Did you talk to other people about it?
Uh, no, somehow in the beginning when we came over to this country, they uh, like my uncle used to introduce me this is Abe Pasternak, my nephew who just came over from Europe, he was in a concentration camp. And that was left. And all of a sudden, we started... My first sentence in English, really English, was this, "If you laugh, everybody laughs with you and if you cry, you cry by yourself." It never occurred to me why would anyone tell me that, that story. And it was not one individual who told me this, many of them said it. I guess uh, I went to Los Angeles, I stayed there for four weeks, but that was uh, that was not my lifestyle. I was not used to it, maybe nothing was appealing to me. Uh, I was uh, I didn't know what I really wanted. The only thing I do remember, I wanted to go in the corner and cry. Cry myself out pretty good but I wasn't able to do it either. But I managed and I uh, I was in uh, drafted, I got here in '47, 1947, and I was drafted in 1948. I went into the army late '48, I was drafted for twenty-one months. I went into the army late '48. My first basic training was in Breckenridge, Kentucky. Somehow, I found a uh, as they say, a home in the army. Then they found out that I uh, I was in a concentration camp, they turned me over to a psychologist. And he asked me about my experiences, but he didn't, he couldn't speak uh, I didn't speak English well at the time and he didn't speak Yiddish. So there was a, a frustration uh, between, uh... It was frustrated, frustration, frustrating for him and it was frustrating, I mean, for, for me. And he picked out that much that I was a yeshiva bucher, so I was assigned and they really needed somebody who should be able to daven and conduct services, so they made me an acting Chaplain. And they took me to school and I started to pick up the language and would you believe it, in addition to my activities as an acting Chaplain, I was the TIP man, I was Troop Information Program. I had a hard time, I mean, to read that bulletin which I was supposed to talk to them about it. But having been familiar, familiar with a little bit of European history and geography and a little bit of the area, so I was able to make out and mostly at that particular time, you know, it was the Wall, the wall that the East Germans were building, so this is where I was assigned to talk about. And I managed.

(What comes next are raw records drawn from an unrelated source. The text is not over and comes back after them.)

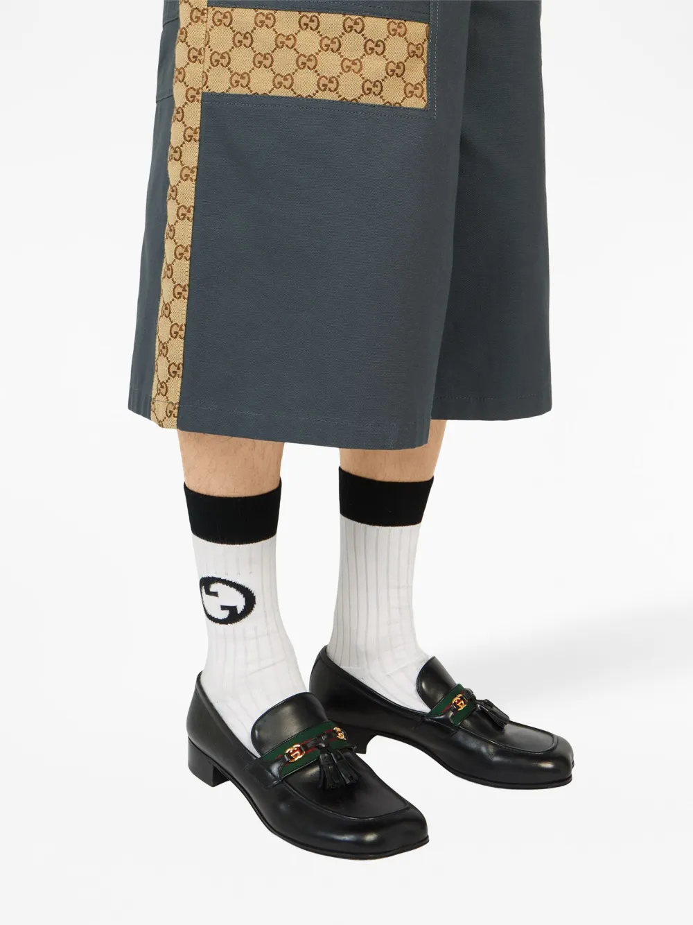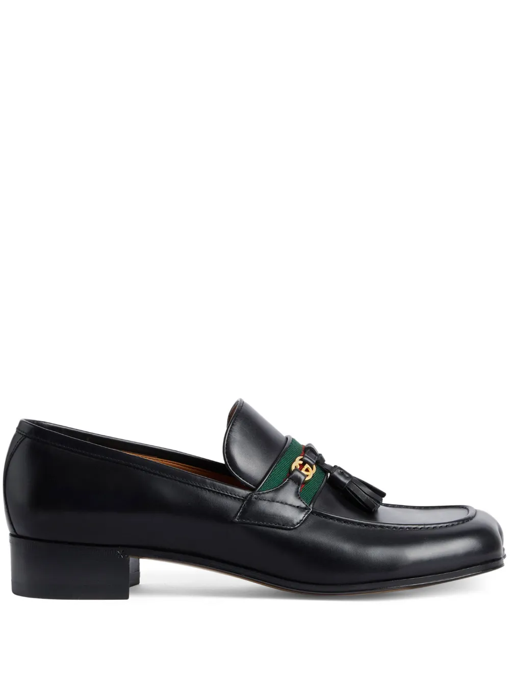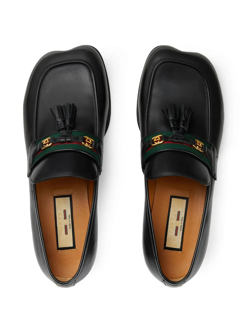 For SS23, Gucci combines distinctive shapes with unexpected details for its footwear collection. These moccasins feature a tassel trims at the uppers with unique curve which traces the silhouette of the foot, while the Interlocking G logo plaque and Web Stripe trim adds a signature finish.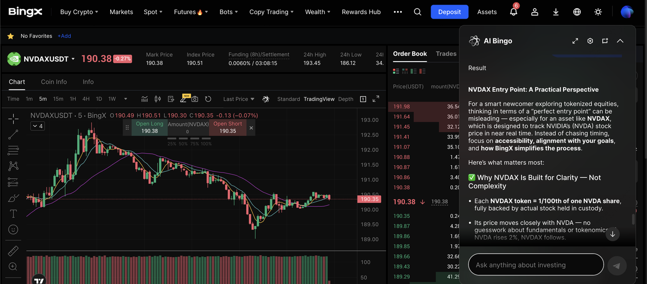 To assist decision-making, BingX AI Insights delivers real-time market analysis, trend signals, and volatility indicators, helping users navigate both spot and futures tokenized-stock markets with greater confidence.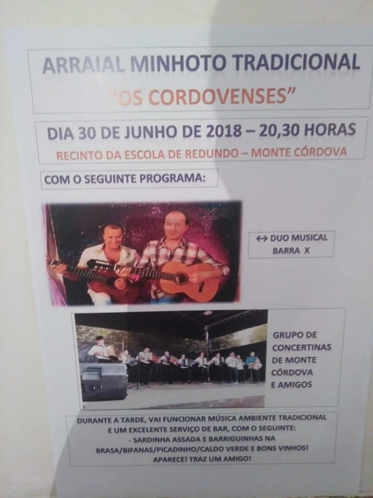A Associação Cultural Popular de Bombos e Concertinas Os Cordovenses, dinamizam no próximo dia 30 de junho um Arraial Minhoto Tradicional.
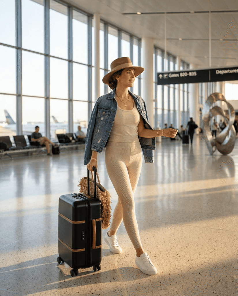 Long travel days call for comfort, but that doesn’t mean sacrificing style. A coordinated athleisure set in a neutral tone looks sleek while keeping you comfortable in transit. Layer with a denim jacket and pair with clean white sneakers. Among practical summer vacation outfits women swear by, a chic lounge set keeps you looking put together from airport to arrival.
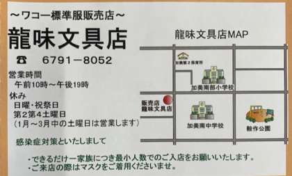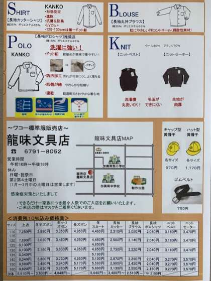 ○学校での「標準服予約注文日」以降は、龍味文具店でご注文できます。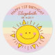 Cute Kawaii Pequeño Sunshine Bebé Primer Cumpleaños Clásico Pegatina Redondo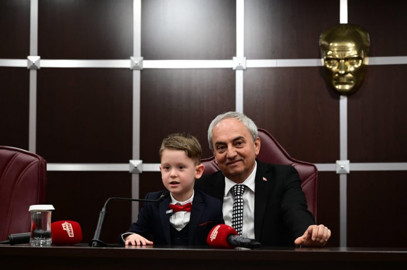 Konuşmasının ardından Başkan Kocagöz, meclis başkanlık koltuğunu 5 yaşındaki Yavuz Selim Şahin’e devretti ve çocuk meclis üyelerinin arasına oturdu.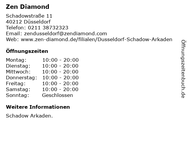 | Öffnungszeiten Zen Diamond in Düsseldorf anzeigen | |

When you were made Chaplain, after going through what you went through, did you at any time um, lose faith?
No. I was very religious in the uh, in concentration camp. In fact, while I was in Buchenwald, we had access to some paper and pencil and, you know, Jews always stick together, we wrote down the, the prayers. And I remember many Hungarians, people who were not religious at home, said to me, "Please say some prayer with me." We did. We always used to daven. After we got out of the concentration camp, that's when we started to question. While we were there, we didn't. Anybody who got a hold of a Siddur and there was, because there was a group of people from Czestochowa came and they were able to bring some tefillin and oh, to put on tefillin. They used to surround you, you know, put on to something uh, my God, that was uh, like having a loaf of bread, eating a loaf of bread.